We define a lexical mapping for document $d_{\beta}$ as $M(d_{\beta})=d_{\beta\rightarrow\alpha}=\{w^{\prime}_{1},...,w^{\prime}_{|d_{\beta\rightarrow\alpha}|}|(w_{i},w^{\prime}_{j})\in\mathcal{A}\}$ , which maps $d_{\beta}$ into language $\alpha$ . Similar, we denote the mapping for a document collection $D_{\beta}$ as $D_{\beta\rightarrow\alpha}=\{M(d_{\beta}):\forall d_{\beta}\in D_{\beta}\}$ . Finally, we compute the $\text{TF}\!\times\!\text{IDF}$ representation of $d_{\beta}$ as follows, $\forall w_{i}\in V_{\alpha}$ :

•

$\text{TF}(w_{i})=$ number of occurrences of $w_{i}$ in $d_{\beta\rightarrow\alpha}$ ; and
•

$\text{IDF}(w_{i})=\log\left(1+\frac{|D_{\beta\rightarrow\alpha}|}{1+\#(w_{i},D_{\beta\rightarrow\alpha})}\right)$ , where $\#\left(w,D\right)$ returns the number of documents in $D$ containing $w$ .

We compute $x_{i}$ in Eq. 1 using $\text{TF}(w_{i})\times\text{IDF}(w_{i})$ .

Aligning Multilingual Documents

Two documents are considered a good pair if their representations are similar, according to a similarity threshold $t$ . We compute the similarity between $d_{i}$ and $d_{j}$ as the dot-product between, $v_{i}\cdot v_{j}\in[0..1]$ (we normalized the vector representations with $\ell_{2}$ ).
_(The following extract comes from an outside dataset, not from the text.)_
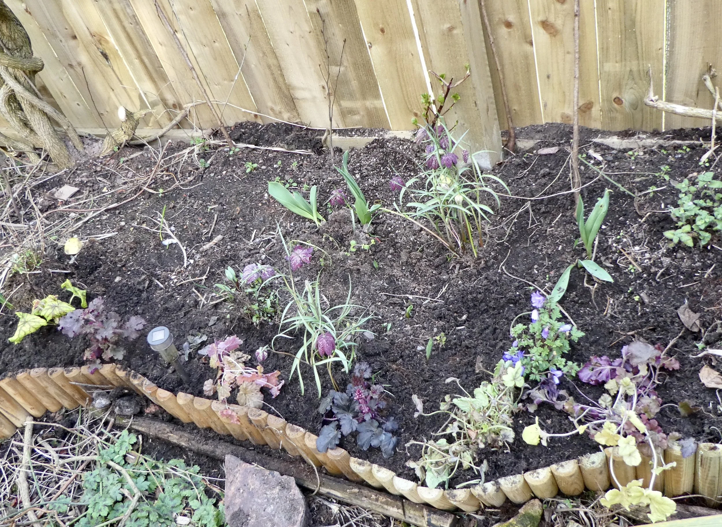 I have had a busy time in the Magic Garden today planting out some of the heuchera that I have been amassing before they take over the dining room floor.

In practice, we use English to build the multilingual space as it is the dominant language on the Internet and in most multilingual websites.

4 Experiments

We examine the efficacy of CDA in this section. First, we describe (i) the pipeline setup for the experiments and (ii) our effort in creating suitable benchmark data and selecting relevant resources in Section 4.1, and Section 4.2, respectively. We then address the following performance aspects of CDA:

1.

The performance in multilingual document alignment.
2.

The impact of CDA, compared to URL, in an end-to-end STRAND pipeline.
3.

The by-product applications of CDA in identifying (i) novel language identifiers beyond ISO 639 for URL and (ii) web-domains containing multilingual data that are not detectable using language identifiers.
4.

The cost required to enable the support to a new language.

4.1 Pipeline Setup

Figure 1 depicts the STRAND pipeline for our experiments.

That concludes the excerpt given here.